Muker is a chapelry and customary market-town in that part of the parish of Grinton which belongs to the wapentake of Gilling-West, in the liberty of Richmondshire, and the North Riding of Yorkshire, about 252 miles from London, 54 miles north-west of York, and 17 miles west by south of Richmond. The township comprises the higher part of Swaledale, and the town stands in an angle formed by two of the streams which contribute to form that river.

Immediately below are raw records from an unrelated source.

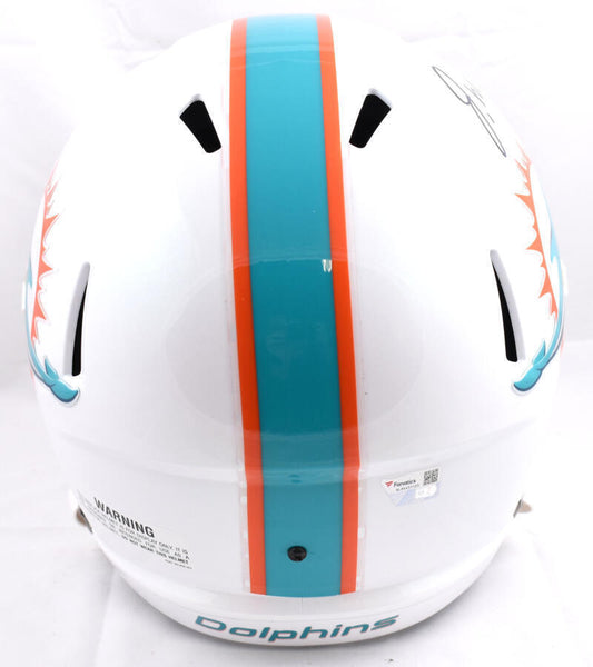 Jaylen Waddle Autographed Miami Dolphins F/S Speed Helmet- Fanatics *Black This is a hand autograph of Jaylen Waddle of the Miami Dolphins on a Riddell Football Full Size Speed Replica Helmet. This item has a Fanatics Authentication, which comes with a numbered sticker hologram and a QR code for verification. You can view this item on the Fanatics Authentication website and it shows when and where the item was signed. It was signed either at a public autograph appearance or a private signing. This is a stock photo of the item. Although you may not receive this exact item, the item you receive is virtually identical and brand new in great shape.
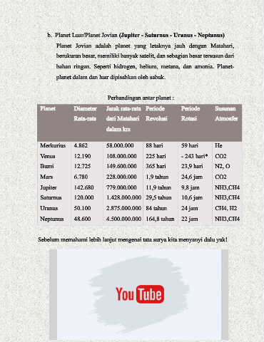 b. Planet Luar/Planet Jovian (Jupiter - Saturnus - Uranus - Neptunus)
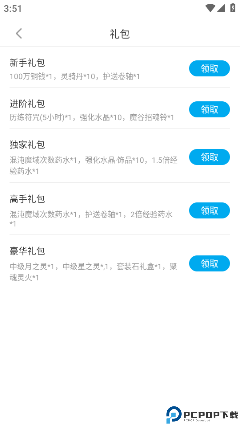 3、在“游戏礼包”界面中,有5个大礼包可供领取,助力游戏开局。
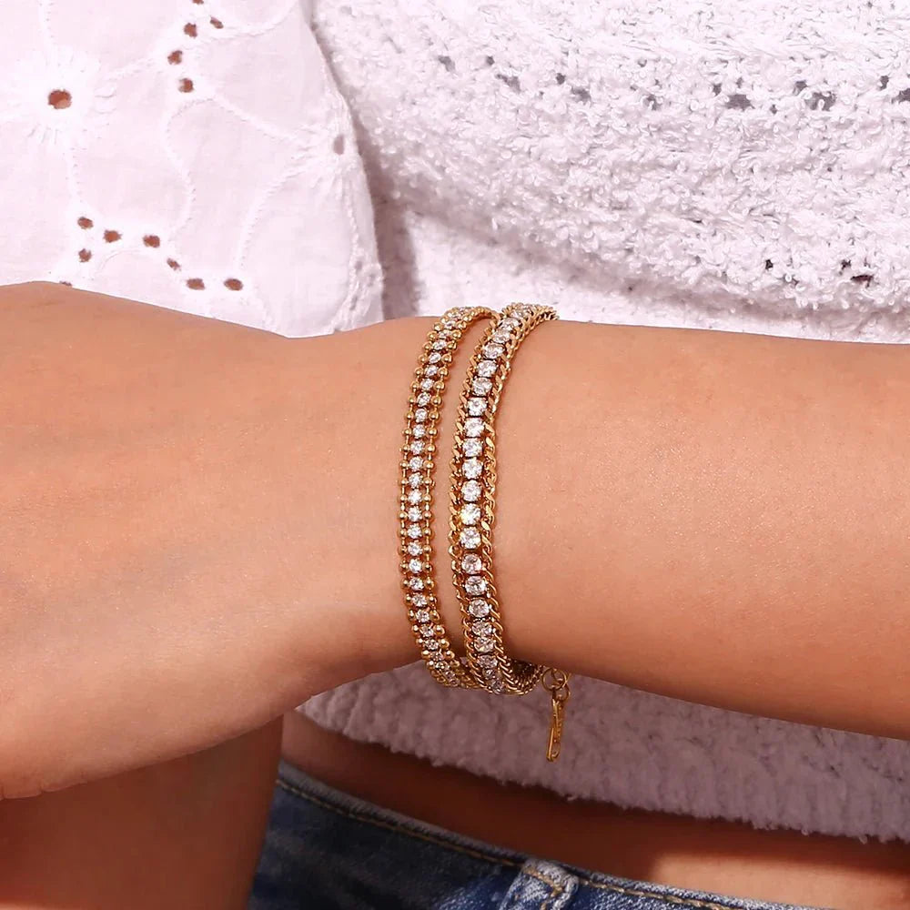 • Material: Crafted from high-quality 18k gold plated stainless steel, this bracelet ensures durability and a lasting shine. The 18k gold plating enhances the bracelet's luxurious appeal, while the brilliant diamonds add a dazzling effect.
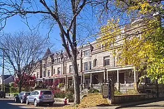 The Alpha Terrace Historic District is a historic district in the East Liberty neighborhood of Pittsburgh, Pennsylvania, United States. The site consists of twenty-five stone rowhouses, which were built between 1889 and 1894 using a heterogeneous mix of Queen Anne and Romanesque Revival architectural influences. Until they were subdivided and individually sold in the 1950s, the properties were part of a single block of upper-middle-class rental units; for a time, U.S. Steel leased a number of the homes for use by corporate executives. [1]
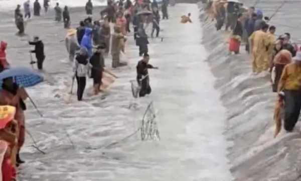 "这阵仗几十年没见过!"家住水库旁的韩先生站在堤坝上,指着河道里密密麻麻的人群直咂嘴。视频画面中,男女老少或踮脚站在及膝的河水里,或趴在岸边石阶上,工具从专业渔网到塑料盆、编织袋应有尽有。有人一网兜下去捞起三条鱼,兴奋得举过头顶;有人结伴用渔网拉起"人墙",截住顺流而下的鱼群;更有人徒手抓鱼,滑倒后浑身是泥仍大笑不止。
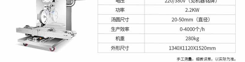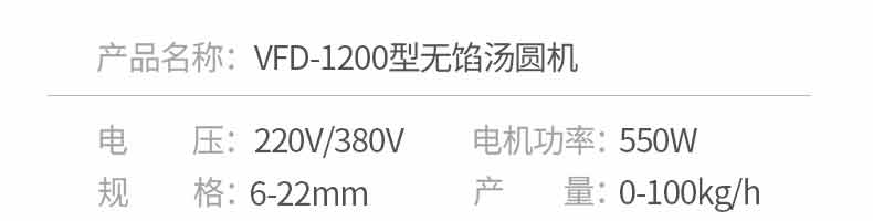 名稱VFD-1200無餡湯圓機(jī) 電源220/380V 功率0.55KW 產(chǎn)量50-100kg/h 尺寸1350*900*850mm 重量220kg 規(guī)格 其他

The living is a perpetual curacy attached to the vicarage of Grinton, formerly in the archdeaconry of Richmond and diocese of Chester, but now in the diocese of Ripon, with an income of about £98. The town contains a chapel-of-ease, dedicated to St. Mary, and erected in 1580, and some schools, one of which is partly supported by endowment of about £20 a year, bequeathed by Anthony Metcalfe in 1678, for a free-school.

There is also a subscription library. The market, which has been established by custom, is held on Wednesday, and there is an annual fair on the Wednesday before Old Christmas-day. The parish contains mines of lead, iron, and coal, and also produces lime. About 2 miles to the north-west is a cascade called Keasden Force, where the Swale falls over some rugged rocks into a romantic dale. The population of the chapelry was 1,247 in 1831, and 1,241 in 1841.